The Corner

Still More Martha

One more email:

If you can stand another comment on this subject, please indulge me.

Your correspondents miss the point. Stewart was not charged with insider trading because what she did would not fit the definition.

Here is an example:

If you were accompanying a relative to his cancer treatment (God forbid) and you saw Bill Gates and it became clear to you that he was there for an initial consultation and you sold your Microsoft stock before Gates could announce that he was getting treatment for cancer, you would have traded on information not really available to the public but it would not be insider trading.

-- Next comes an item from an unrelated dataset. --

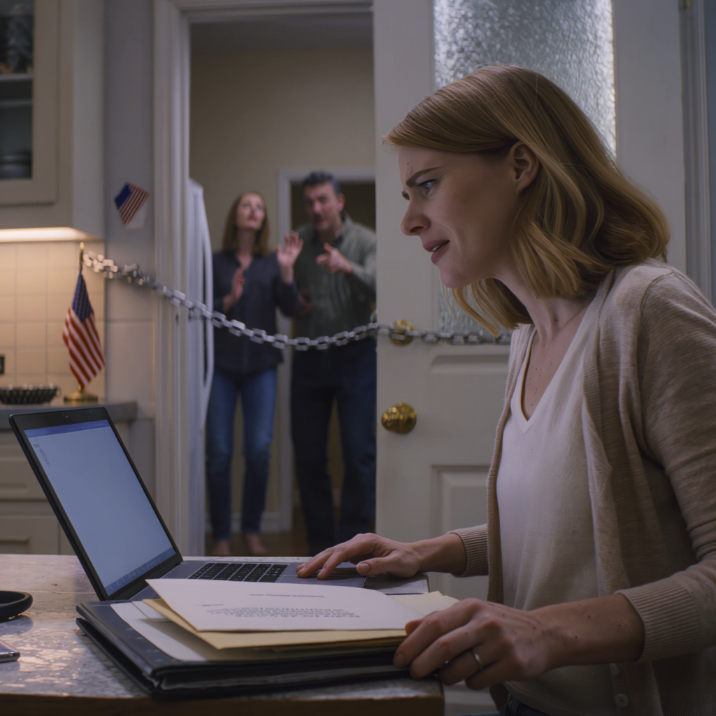 When I checked the peephole, my dad’s sedan was parked crooked at the curb like they’d stopped mid-breath. Holly sat in the passenger seat, chin tucked, hands curled in her lap, her wheelchair visible in the back. My mom stood on my welcome mat, already angry, already convinced I owed her something.

If, however, you were a director of Microsoft and Bill Gates told you that he had cancer and that he needed to announce to the investor community and you sold your shares before such announcement, you have insider trading.

I would say that Martha’s is more like the former. She obtained the information from her broker that Waksal was selling his shares. She did not know why, she did not have some inside tip from an Imclone person, she connected the dots on a piece of information offered to her by her broker. Now, her broker might have committed some ethical lapse and went against Merrill’s code of conduct, but, again, no insider trading.

People have to get off the fact that Martha did not commit the crime of insider trading. Now, it seems entirely reasonable that a jury could find that she lied to investigators and for that she should be punished.

People, including the jurors, do not seem to understand what the issue was in this case.